Giuliana Donadio et al. Antioxidants (Basel). .

Abstract

Plants of genus Cichorium (Asteraceae) can be used as vegetables with higher nutritional value and as medicinal plants. This genus has beneficial properties owing to the presence of a number of specialized metabolites such as alkaloids, sesquiterpene lactones, coumarins, unsaturated fatty acids, flavonoids, saponins, and tannins. Cichorium endivia L., known as escarole, has achieved a common food status due to its nutritionary value, bitter taste, and the presence of healthy components, and is eaten cooked or raw in salads. Presently, wastes derived from the horticultural crops supply chain are generated in very large amounts. Vegetable waste comprises the discarded leaves of food sources produced during collection, handling, transportation, and processing. The external leaves of Cichorium endivia L. are a horticultural crop that is discarded. In this work, the phytochemical profile, antioxidant, and anti-inflammatory activities of hydroalcoholic extract obtained from discarded leaves of three cultivars of escarole (C. endivia var. crispum 'Capriccio', C. endivia var. latifolium 'Performance' and 'Leonida') typical horticultural crop of the Campania region were investigated. In order to describe a metabolite profile of C. endivia cultivars, the extracts were analysed by HR/ESI/Qexactive/MS/MS and NMR. The careful analysis of the accurate masses, the ESI/MS spectra, and the 1H NMR chemical shifts allowed for the identification of small molecules belonging to phenolic, flavonoid, sesquiterpene, amino acids, and unsaturated fatty acid classes. In addition, the antioxidant potential of the extracts was evaluated using cell-free and cell-based assays, as well as their cytotoxic and anti-inflammatory activity.
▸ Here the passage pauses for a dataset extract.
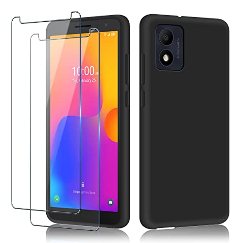Cover Compatibile con Alcatel 1B 2022 e 2 pezzi vetro temperato,Custodia per telefono in silicone, Custodia protettiva in TPU tinta unita, Leggera Antiurto Antiscivolo - Nera
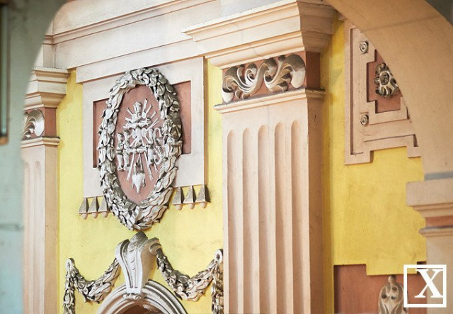 Ліпнина з буквами IHS – емблемою ордену. Розміщена у правій наві колишнього єзуїтського храму в Луцьку

All the extracts showed similar radical-scavenging ability while significant differences between the three investigated cultivars emerged in the cell-based assays. The obtained data were ascribed to the content of polyphenols and sesquiterpenes in the extracts. Accordingly, C. endivia by-products can be deemed an interesting material for healthy product formulations.

Keywords: Cichorium endivia L.; HRESIMS; NMR; anti-inflammatory; antioxidant; cultivar; green extraction; waste valorisation.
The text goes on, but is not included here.